Greetings,
we have deployed a Camunda Platform 7 Apache Tomcat distribution based solution, one for testing and one for production usage, both run on Amazon EC2 instances, the testing server uses internal H2 database and the production server uses a mySQL database in a completely separate EC2 instance.
Each deployment has a single process engine, and Camunda is used only as a process orchestrator through the REST API service, connecting with a middleware layer to our backend systems.
Additionally, we develop locally using a spring boot package.
The configuration of the process engine in bpm-platform.xml is default as it comes from the Camunda Tomcat distribution.
<job-executor>
<job-acquisition name="default">
<properties>
<property name="maxJobsPerAcquisition">5</property>
<property name="waitTimeInMillis">8000</property>
<property name="lockTimeInMillis">400000</property>
</properties>
</job-acquisition>
<properties>
<!-- Note: the following properties only take effect in a Tomcat environment -->
<property name="queueSize">3</property>
<property name="corePoolSize">5</property>
<property name="maxPoolSize">10</property>
<property name="keepAliveTime">0</property>
</properties>
</job-executor>
The workload in the testing server is around 100-200 concurrent instances of processes/tasks, and the production server is currently running with 2700 active instances, most of which consist of user task and wait timers for asynchronous management of processes.
In terms of performance, both servers are fast as expected, the load on the EC2 instances is minimal, with around 500MB of ram usage for the testing server, and 600MB for the production server.
However, we are experiencing stability issues with both environments, seemingly at random intervals Camunda will stop responding and then subsequently crash, meaning Camunda is no longer running (returning 500 when querying the URL and REST API) but the EC2 instance and its operating system remaining active.
I have been trying to trace the cause of the crashes, as we would want Camunda to be running 24/7, especially for our production system. My current patchwork solution was to schedule a checker in our own backend to query the Camunda REST API, and if it fails to respond 5 times in 10 seconds it will send an alert and try to reboot the machine using the
sudo reboot
command.
Camunda has been configured to run on startup using a Daemon on both machines. This allows for a relatively fast restart of Camunda in event of machine maintenance, downtime, restarts and mostly, because Camunda has crashed.
I’m at a complete loss for the reason as to why Camunda stops working, this is an issue that has never ocurred when working locally with spring boot instances, some of which have been running on my own development machine for months at a time, albeit with a much smaller number of active process instances.

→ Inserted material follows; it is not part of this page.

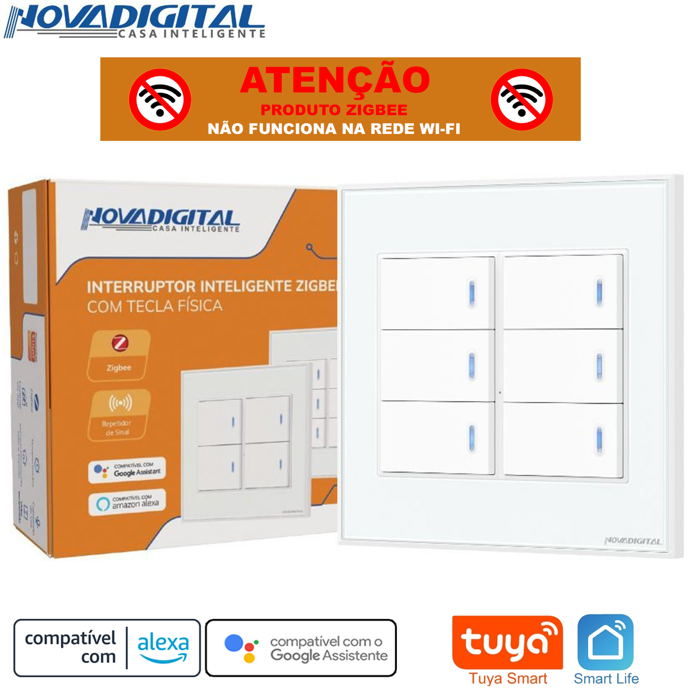 ATENÇÃO! ESTE DISPOSITIVO SÓ FUNCIONA COM UM HUB ZIGBEE NOVA DIGITAL TUYA!
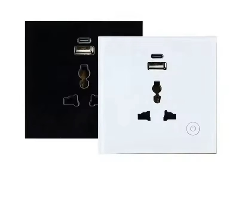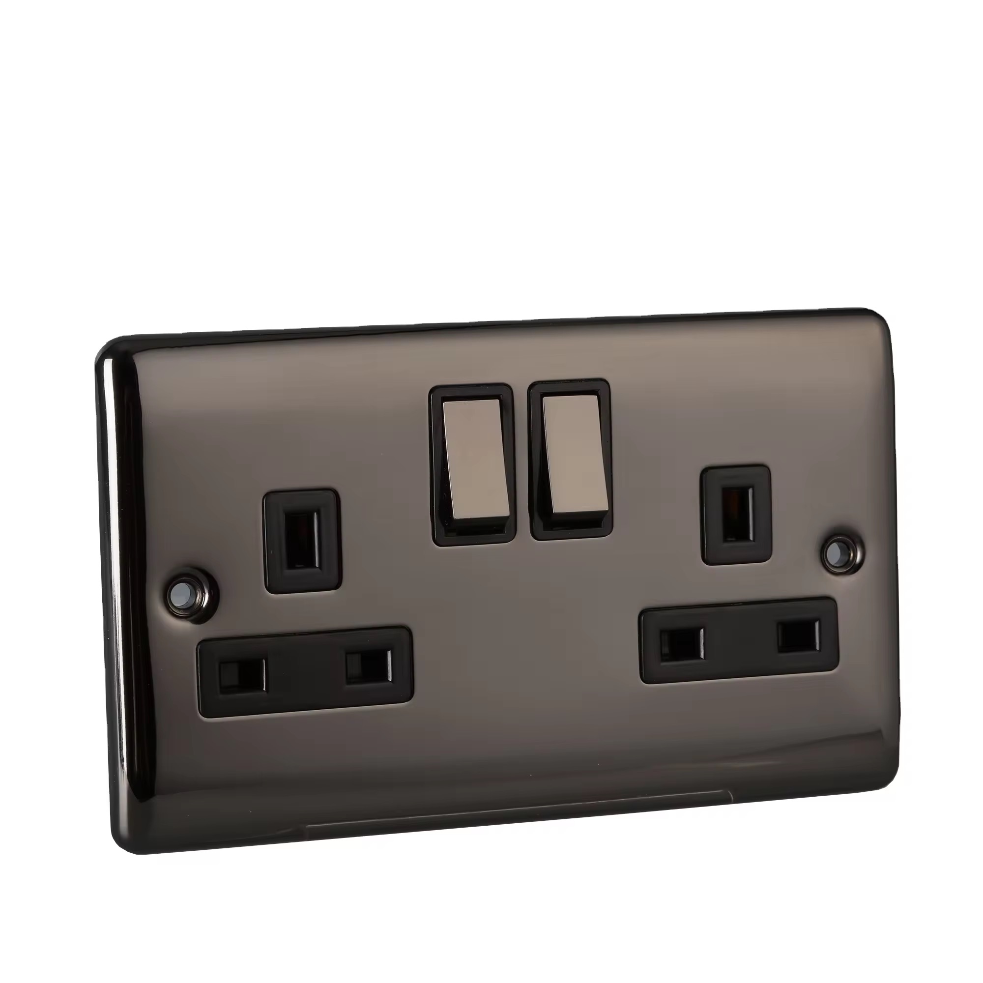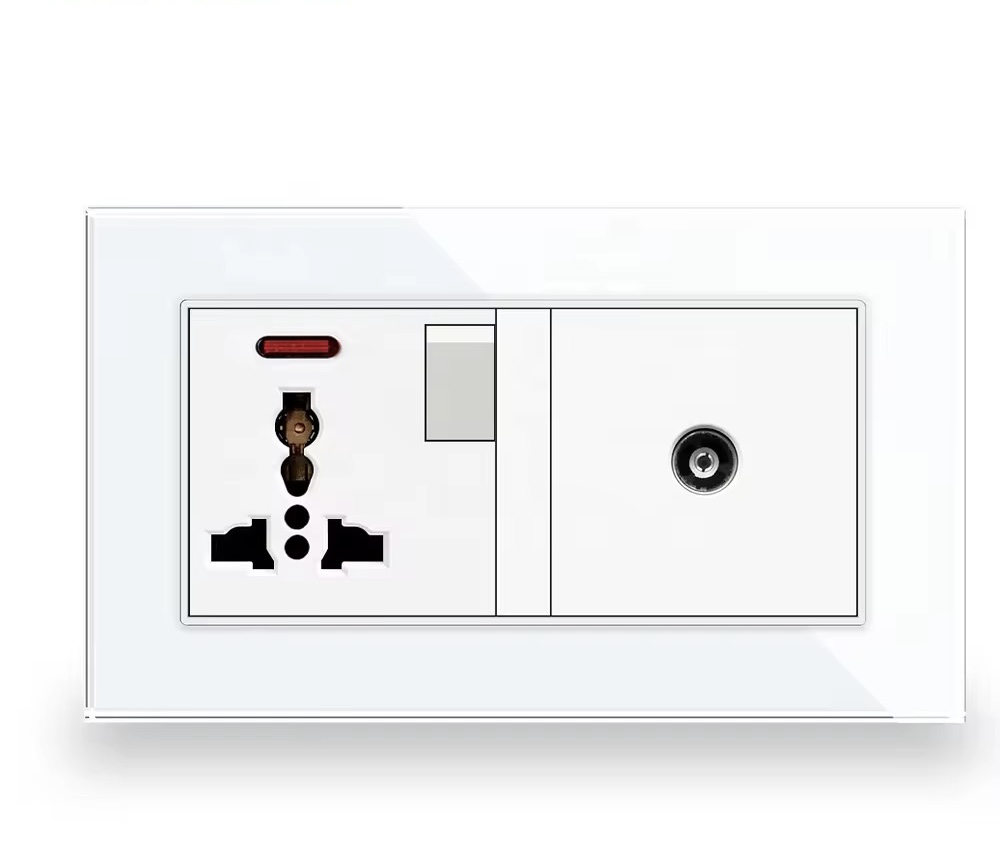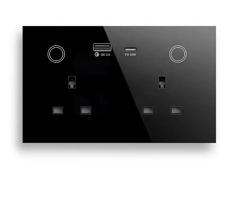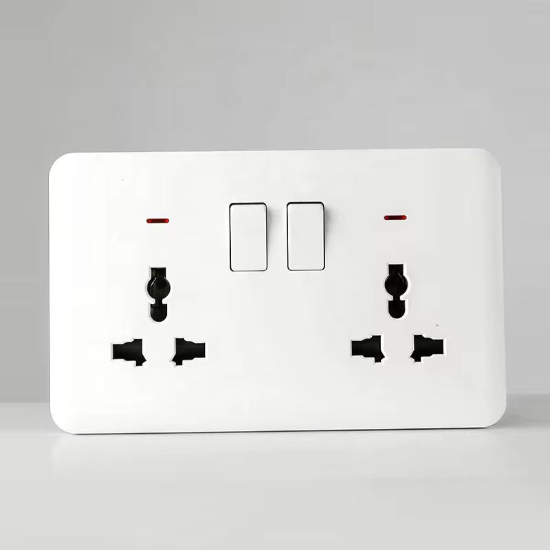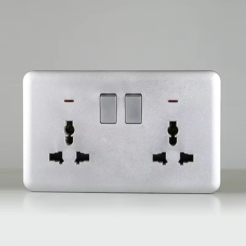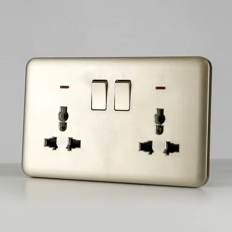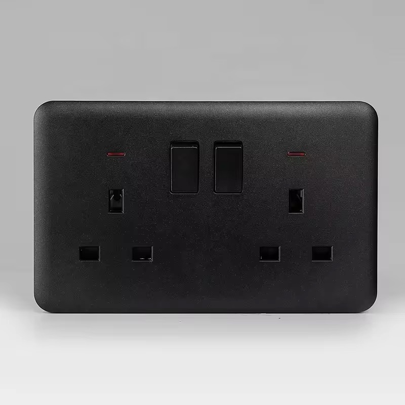 Wall socket panel, two positions, two pairs, 13A British style socket with switch

It seems that as load has increased, especially in the production environment, the crashes have become more commonplace.
What would be the best way to go about:
- Diagnosing the cause of crashes
- Improving availability of Camunda, as I understand using a cluster of process-engines is the way to go, but should they all be running in the same EC2 instance and connect to the shared database, or running in different instances?
And finally, could this be an AWS related issue? Perhaps connection timeouts casing the engine to crash?